Task statement:
Leaving out the images, reproduce every line of the data that follows exactly.
### Input data ###
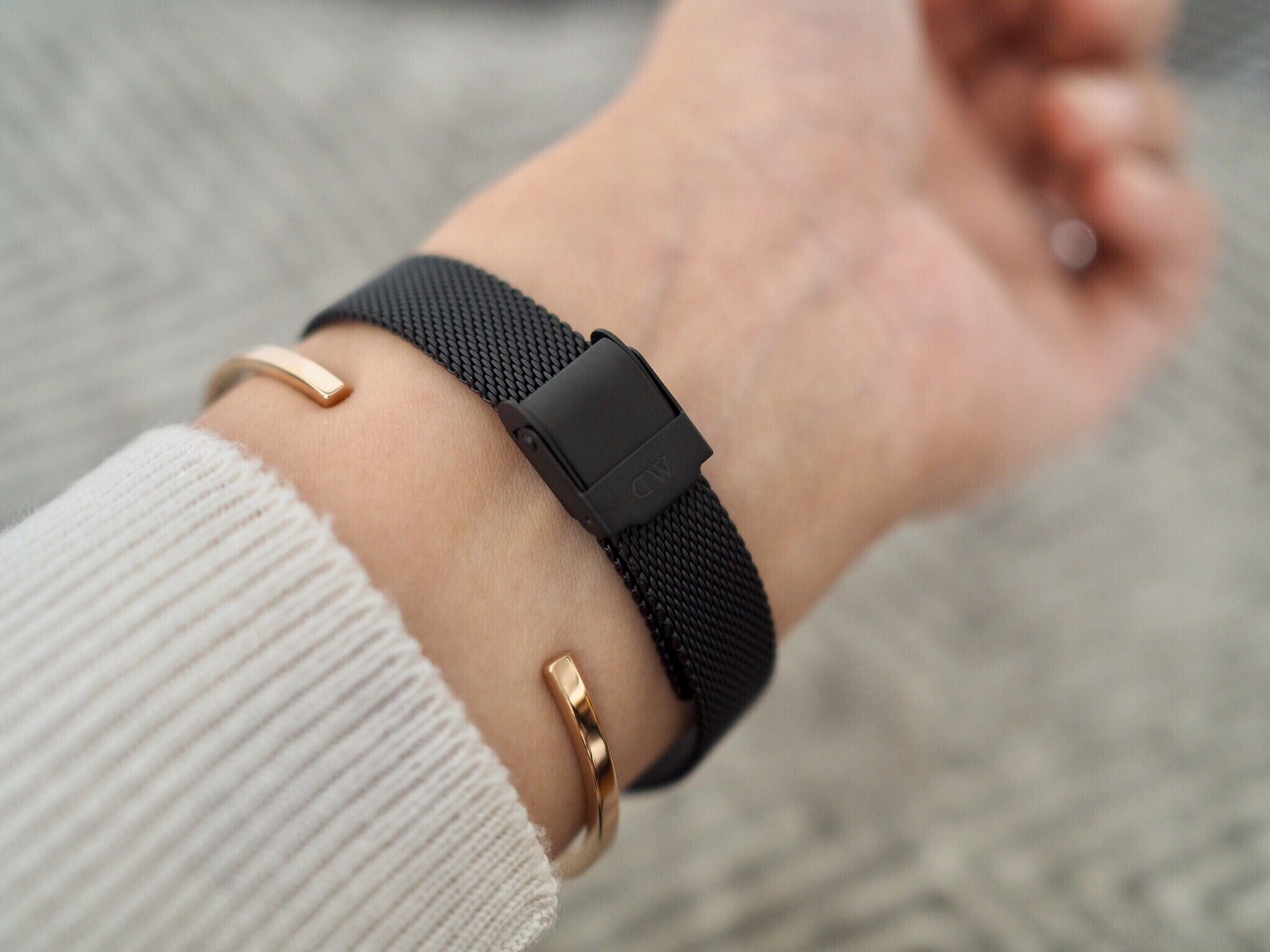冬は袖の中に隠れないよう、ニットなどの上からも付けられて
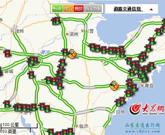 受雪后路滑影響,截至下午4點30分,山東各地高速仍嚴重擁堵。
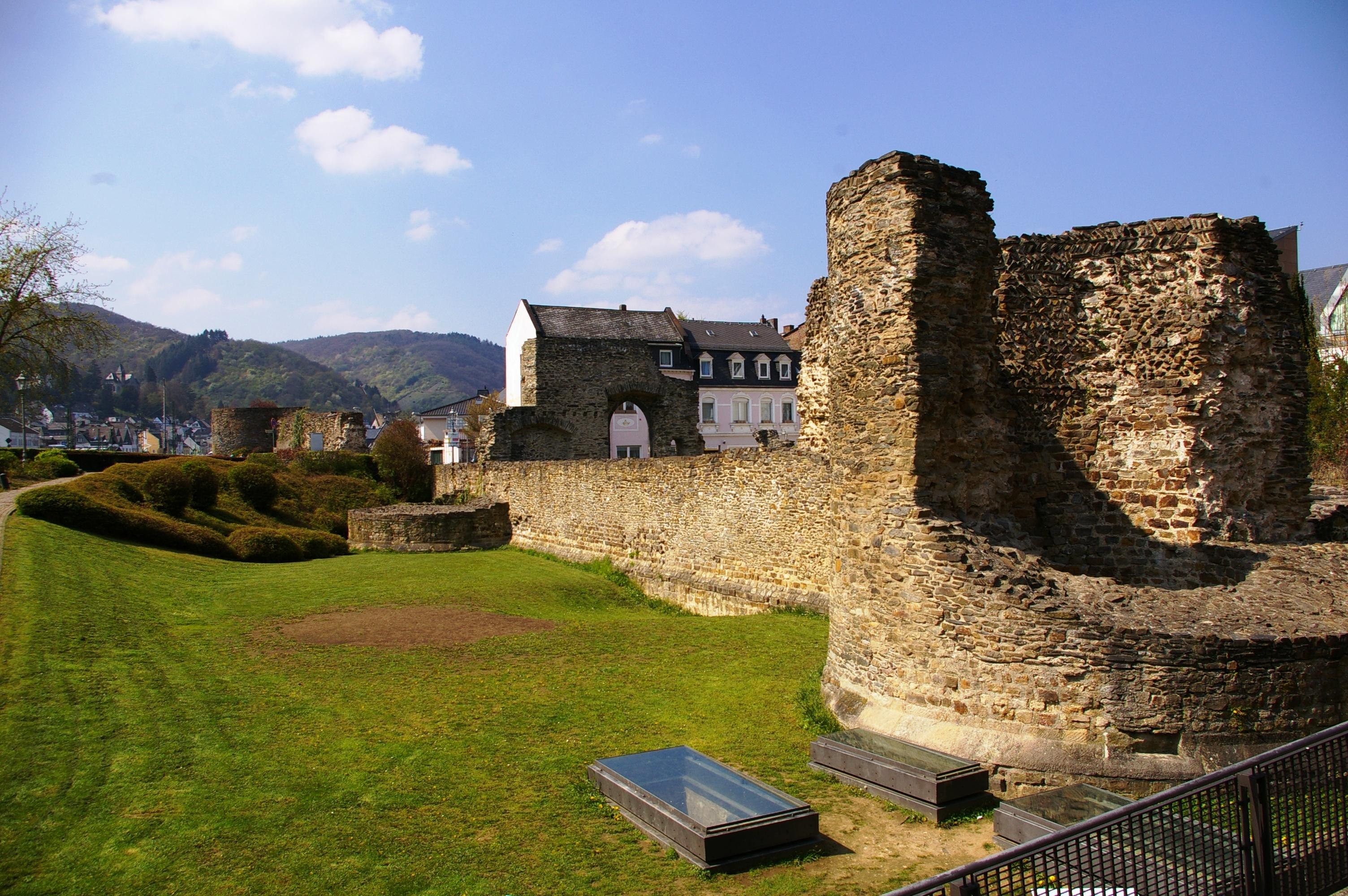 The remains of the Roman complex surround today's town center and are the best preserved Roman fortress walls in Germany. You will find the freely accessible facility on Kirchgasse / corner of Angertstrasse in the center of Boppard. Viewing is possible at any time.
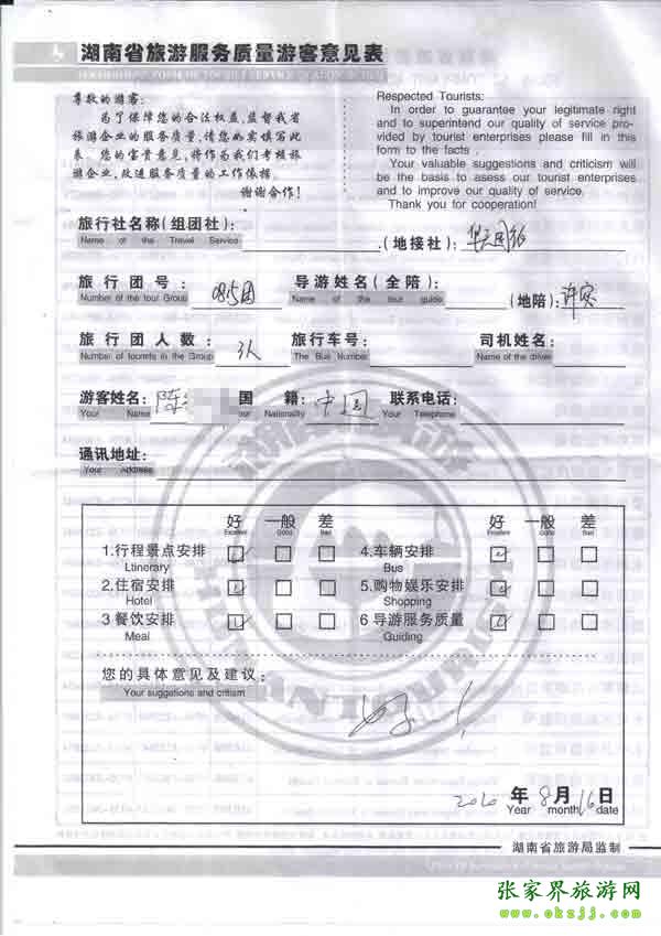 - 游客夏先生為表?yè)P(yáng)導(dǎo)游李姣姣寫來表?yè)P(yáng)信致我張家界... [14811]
###
Answer to this task:
冬は袖の中に隠れないよう、ニットなどの上からも付けられて
 受雪后路滑影響,截至下午4點30分,山東各地高速仍嚴重擁堵。
 The remains of the Roman complex surround today's town center and are the best preserved Roman fortress walls in Germany. You will find the freely accessible facility on Kirchgasse / corner of Angertstrasse in the center of Boppard. Viewing is possible at any time.
 - 游客夏先生為表?yè)P(yáng)導(dǎo)游李姣姣寫來表?yè)P(yáng)信致我張家界... [14811]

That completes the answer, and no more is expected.